The EEG data was digitally filtered between 0.1~30 Hz. Since this project focused only on the analysis motor intention prior to any actual movements, all three different effectors were included and combined in the analysis. The data was separated into three groups (left, right, or forward) based on the “Direction cues”. Bad channels, as the results of poor skin contact, eye blink, eye movement, or muscle movement were detected based on their particular signal characteristics and abnormal amplitude information, were replaced by the averaged signals from neighboring channels using NetStation built-in functions. Only those artifact-free epochs (with amplitude <50μV) were used for further analysis. The data was also re-referenced to the average signal across all 128 electrodes. The 100ms before onset of each trial was used for baseline correction adjustments.
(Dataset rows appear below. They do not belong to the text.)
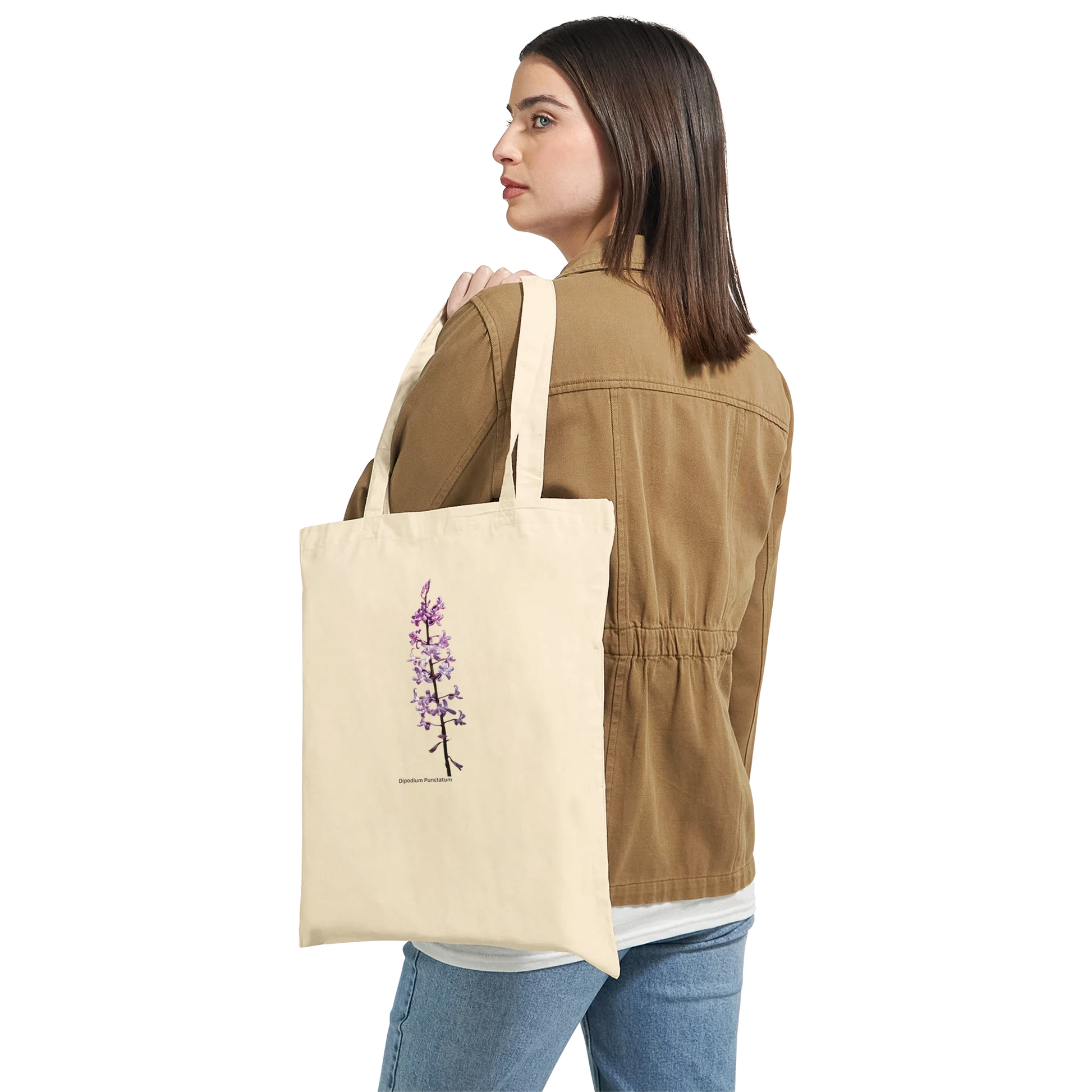 Are you an obsessed grower of orchids, or someone who just loves their beauty? The Dipodium Punctatum orchid tote bag is a practical, high-quality bag, with a beautiful orchid print. It is a great way for you to show your passion for orchids. They are available in three sizes, providing comfort with style, at the beach or, out in town.
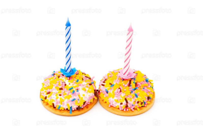 Два пирожных со свечами на белом фоне
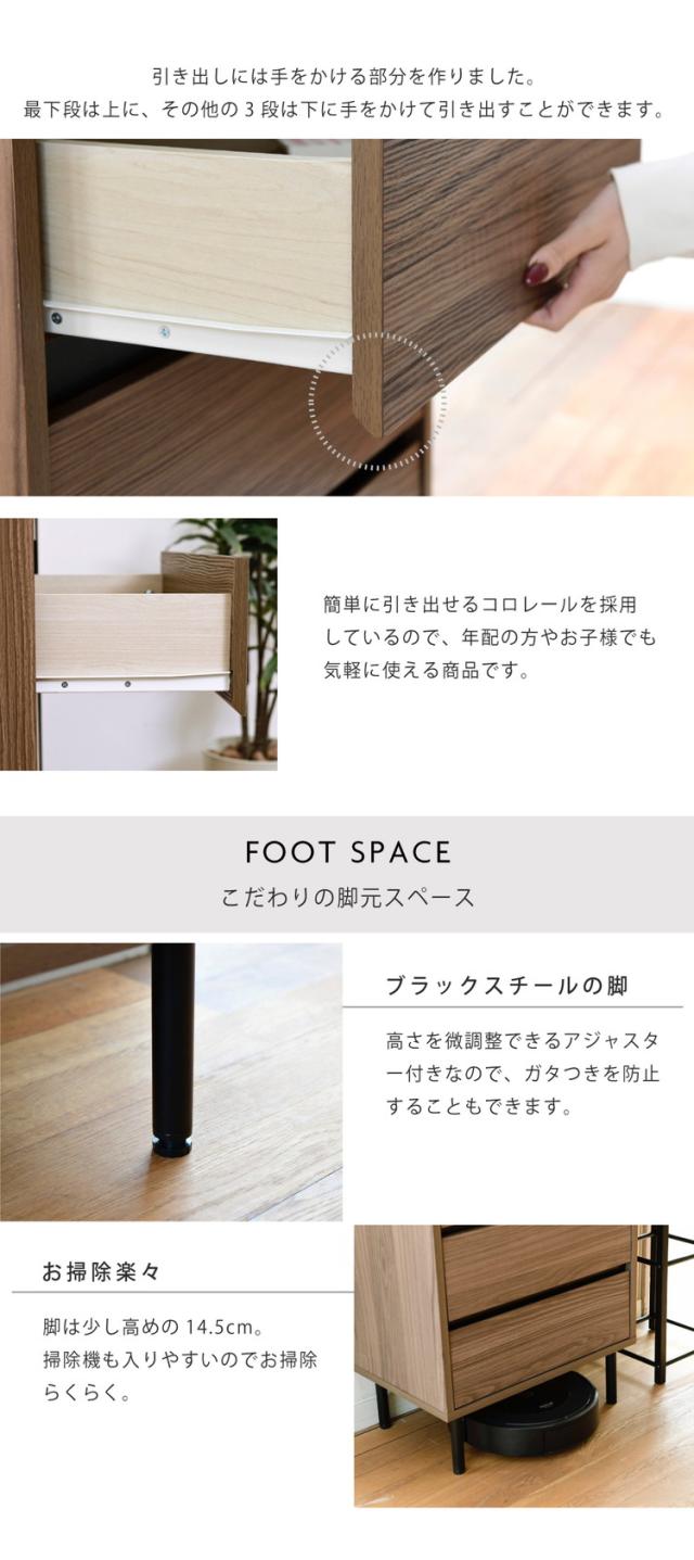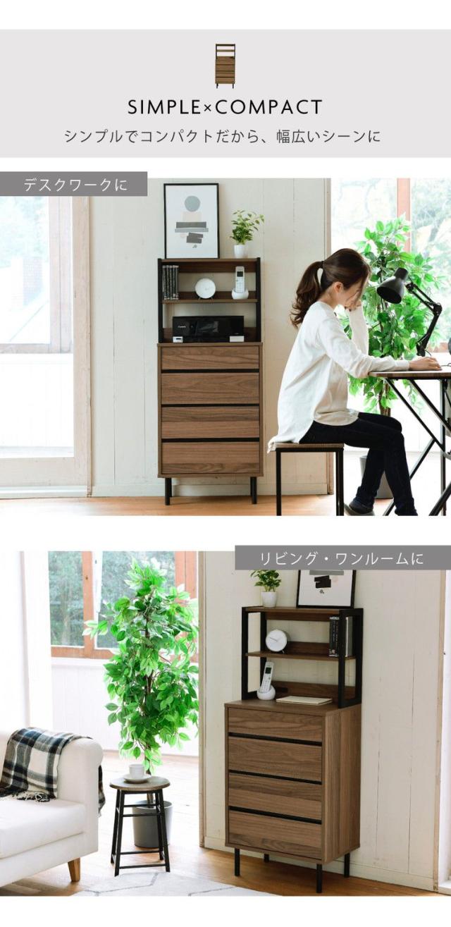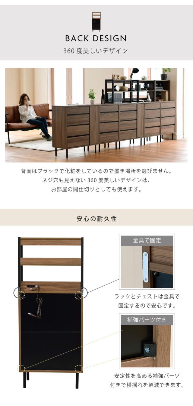 落ち着いた木目調のブラウンとブラックスチールの組み合わせがモダンな印象を与える、北欧テイストシリーズ“Fresser”。4段のチェストにオープンラックが付いたスリムチェストラック。シンプルなデザインながら、飾るもので個性を演出できます。
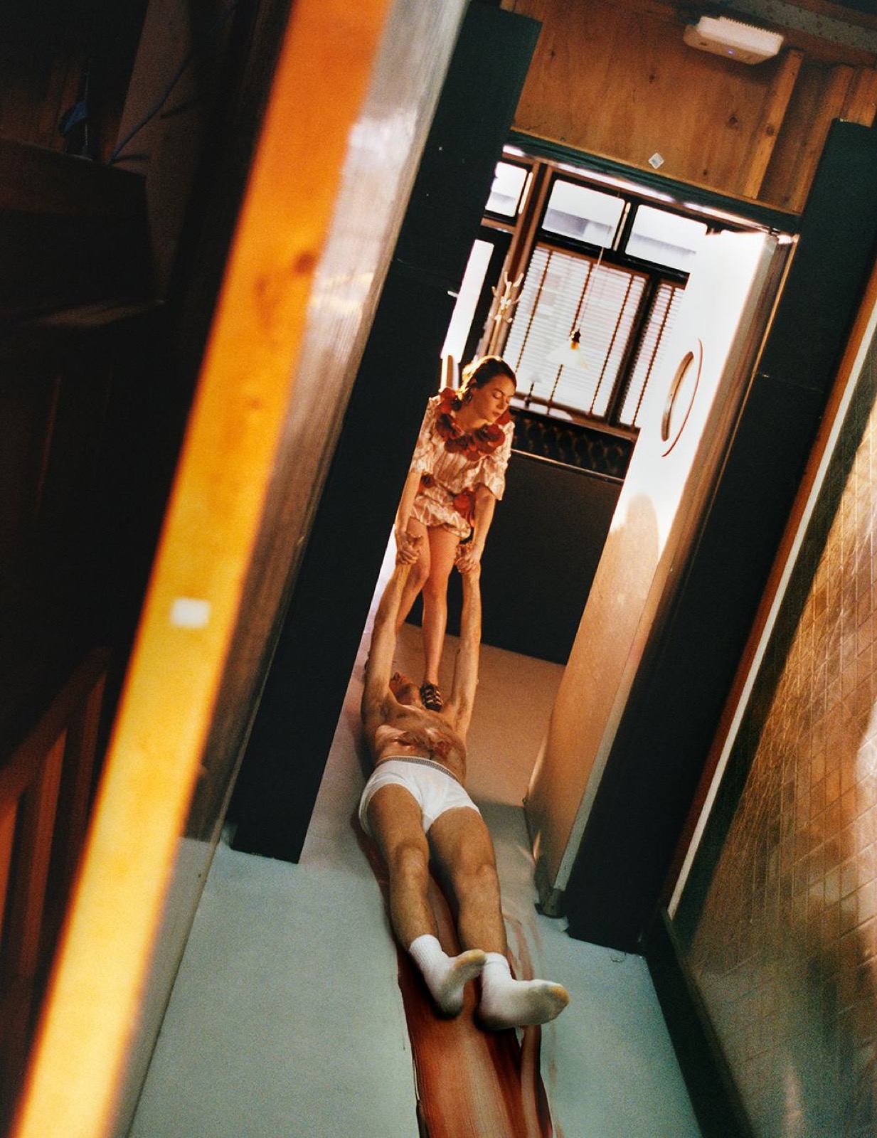 Dans les coulisses, on imagine Emma Stone traînant un corps en chaussettes, méthode Pilates du chaos. Le shooting vend l’illusion cinéma : sérieux affiché, absurde assumé, caméra partout. C’est W Magazine : on promet du prestige, on livre une blague visuelle parfaitement cadrée.
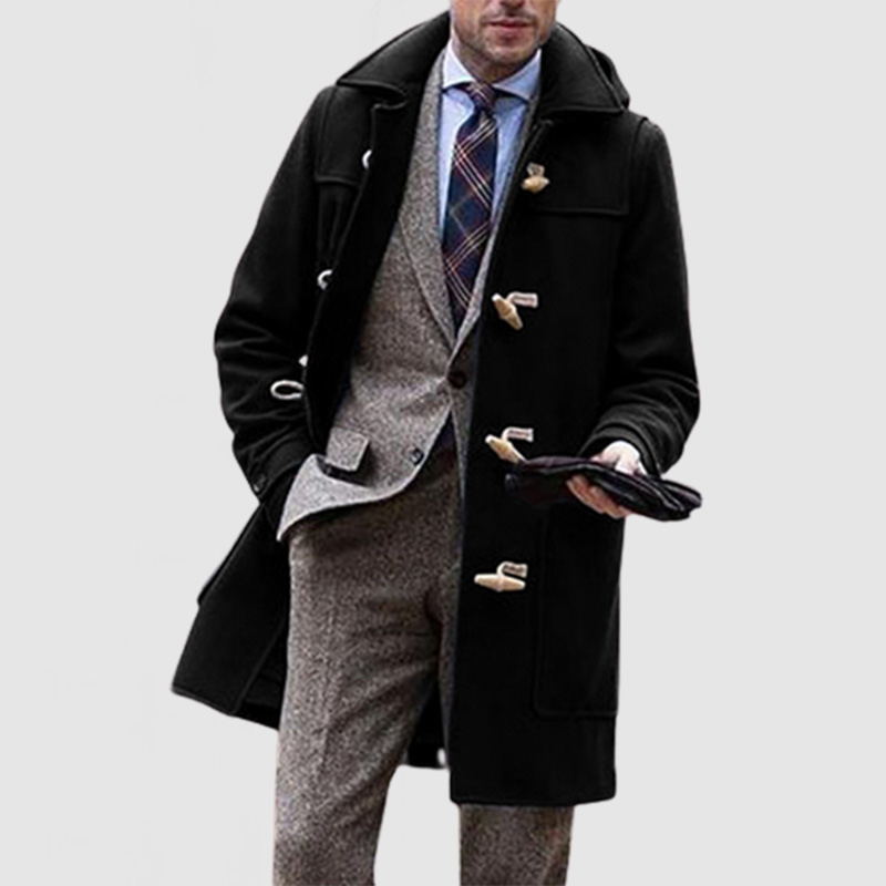 Men's Elegant Horn Button Wool Hooded Coat
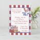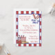 Invitación patriótica con frontera roja, blanca y azul, bandera estadounidense, comida y fuegos artificiales.
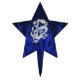 A Dragon applique in chrome like silver style on a blue flaming carbon fiber background print to wear or to share on all festive occasions.
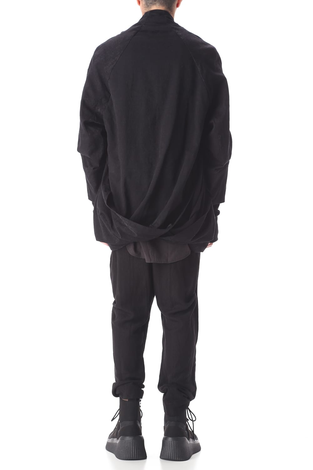 表面に凹凸感のあるジャガード素材が独特な重厚感、立体感を表現された存在感抜群の作品です。
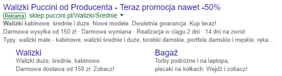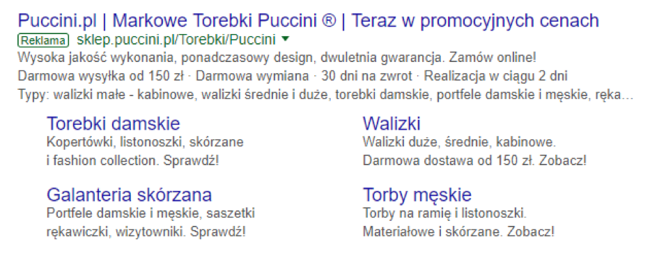 Dla zwiększenia powierzchni reklamowej, stworzenia konkurencyjnych reklam i zwiększenia średniej pozycji w każdej kampanii zostały utworzone dedykowane rozszerzone reklamy tekstowe, które były dostosowywane do prowadzonych działań np. promocji czasowych.
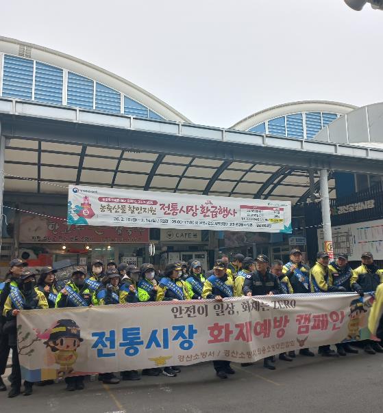 [뉴스스텝] 경산남성·여성의용소방대는 민족 대명절인 설을 앞두고 2월 10일, 경산공설시장 일대에서 안전하고 따뜻한 명절 분위기 조성을 위한 ‘전통시장 화재예방 캠페인’을 실시했다.
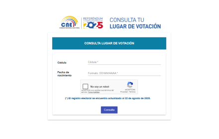 El Referéndum y Consulta Popular 2025 se realizará el domingo 16 de noviembre y 13,9 millones de ecuatorianos están habilitados para participar. El Consejo Nacional Electoral (CNE) dispone de un sistema en línea para que cada elector verifique su lugar de votación, número de junta y dirección del recinto (provincia, cantón, parroquia y zona). Te explicamos cómo consultarlo, qué sanciones implica no presentarse y qué deben saber quienes fueron designados como miembros de junta receptora del voto.
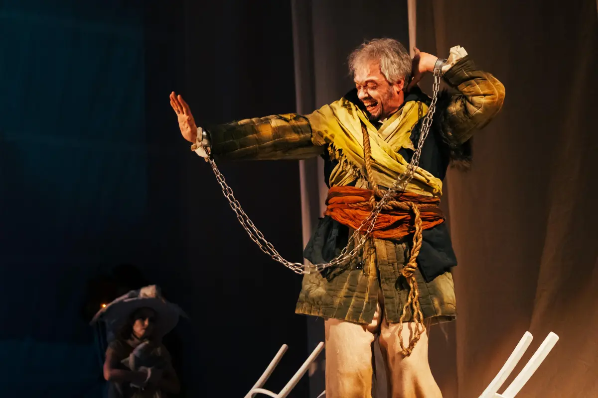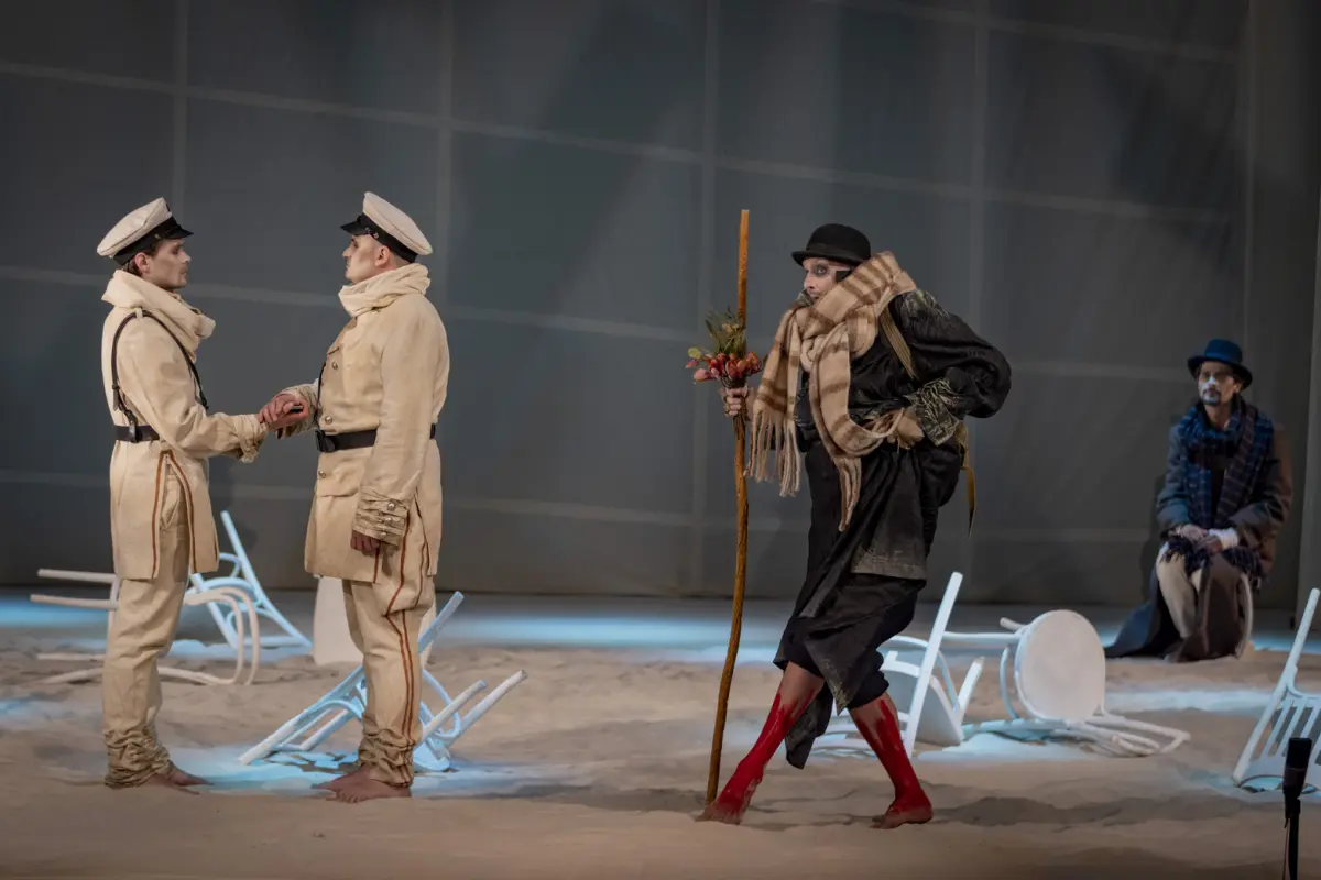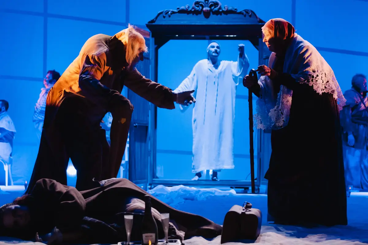 …выделю очень продуманную сценографию. Свет, реквизит, костюмы, звук… Что говорить, когда вся сцена покрыта песком, и все актеры — босиком, а у Прохожего и ноги уже в крови, а он всё идет, и идет!.. И песок на сцене, оказывается, тоже актер, и как он сыграет в финальной схватке со смертью, когда заранее понятно, что та проиграна.
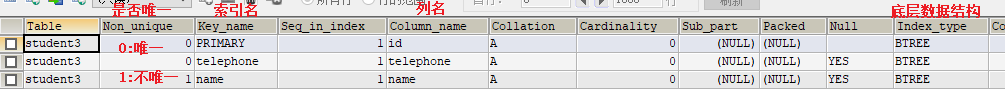 【查看student3表的索引信息】
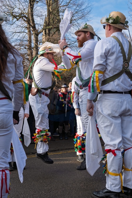 White rose morris dancers perform at Whittlesea straw bear festival,held every January in the little town of Whittlesey / Whittlesea in Cambridgeshire, near Peterborough, UK. Here a straw bear parades and dances through the streets along with various Moll
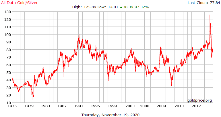 Changes in that ratio indicate which metal is valued more than the other, and can give investors an idea of whether to invest in gold or silver. Since gold and silver were first able to float freely in relation to each other in 1971, the price ratio between gold and silver has normally fluctuated between 40:1 and 60:1.
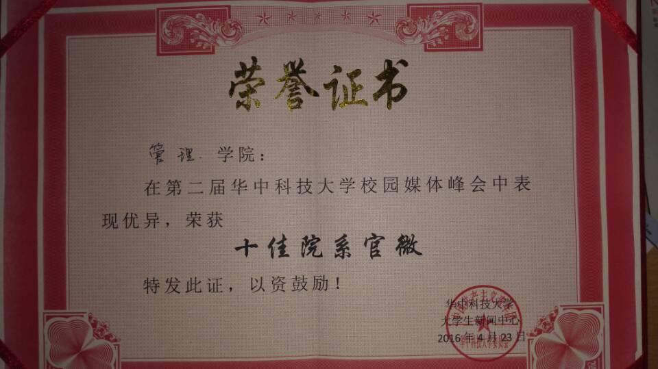 (通讯员苟梦笛/文)4月23日,我校举行了第二届校园媒体峰会。会上,我院以优秀的官方微信公众号宣传效果取得了“十佳院系官微”的称号。
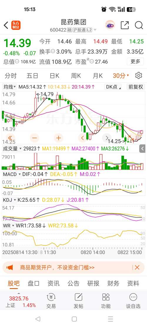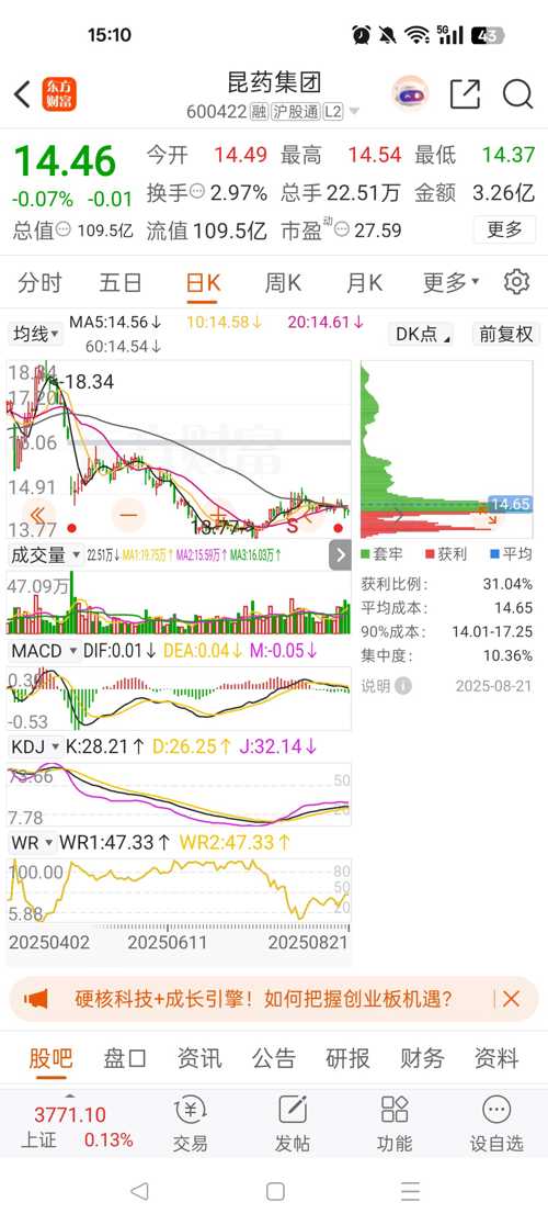 $昆药集团(SH600422)$ 本贴个人实战贴,符合自己性格的交易方式,不对他人构成任何操作建议。 2025年8月21日 介入60422 价位14.40元 目标10%
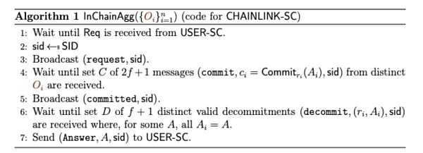Chainlink 防止级联故障的最佳方法之一是防止预言机相互复制。想象一个预言机O z 观察另一个预言机O i的响应并复制它。这可能会通过减少数据源的多样性导致安全性减弱,从而导致整个系统产生错误的响应。Chainlink 通过提交/显示算法避免了这种情况。下面的算法显示了一个保证可用性的协议,给定 3 f + 1 个节点。只有在做出所有承诺之后,Oracle 响应才会重新提交,并暴露于潜在的复制中。这排除了作弊预言机复制另一个预言机的响应。
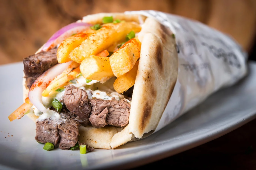 - Agrega una generosa cantidad de tzatziki sobre la carne y los vegetales. Si quieres, también puedes añadir algunas papas fritas para darle un toque extra de sabor y textura.

2.3. Offline Source Localization Validation

Source localization was performed offline as a way to validate that the activated brain regions of our recorded data is consistent with the literature. The process described in this subsection would not be needed in the real-time implementation of the motor intention decoder. Independent component analysis (ICA)[25] was first performed using the extended Infomax-ICA algorithm in the EEGLAB tools[26] to find the maximally temporally independent signals available[27]. Figure 5 illustrates the averaged signals across all the recording trials before and after the removal of eye motion artifact. The DIPFIT 2.0 algorithm was then used to estimate the dipole sources of the remaining independent component (IC) after spatial filtering[26]. The dipoles were projected onto the boundary element mode in EEGLAB then plotted on the average MNI (Montreal Neurological Institute) brain images[28]. The source locations were then specified using the Talairach coordinate system. Dipole locations from the source localization algorithm would not be used in the single-trial classification of arm movement direction since it is a time consuming process.
Figure 5. EEG signals before and after spatial filtering is shown. The signal for each channel is averaged across all trials prior to ICA spatial filtering. An example of eye artifact is seen in the EEG spatial map around 305ms. The averaged signal for each channel after ICA spatial filtering is shown at the bottom subplot

2.4. Ensemble Empirical Mode Decomposition

Ensemble empirical mode decomposition (EEMD) is a data-driven analysis method that separates the signal into a collection of intrinsic mode functions (IMFs). It is a powerful approach for analyzing nonlinear, non-stationary EEG signal since the method is only based on local characteristic time scale[29-31]. Unlike traditional bandpass filters, EEMD breaks down the signals in an empirical manner, which is strictly based on the signal characteristics without specifying any frequency bands[32]. Mode mixing problem that existed in the Empirical mode decomposition (EMD) method can be resolved by EEMD utilizing the uniformly distributed reference frame by the addition of white noise[33]. The procedure for EEMD has been described in great detailed in[29], and would not be repeated here.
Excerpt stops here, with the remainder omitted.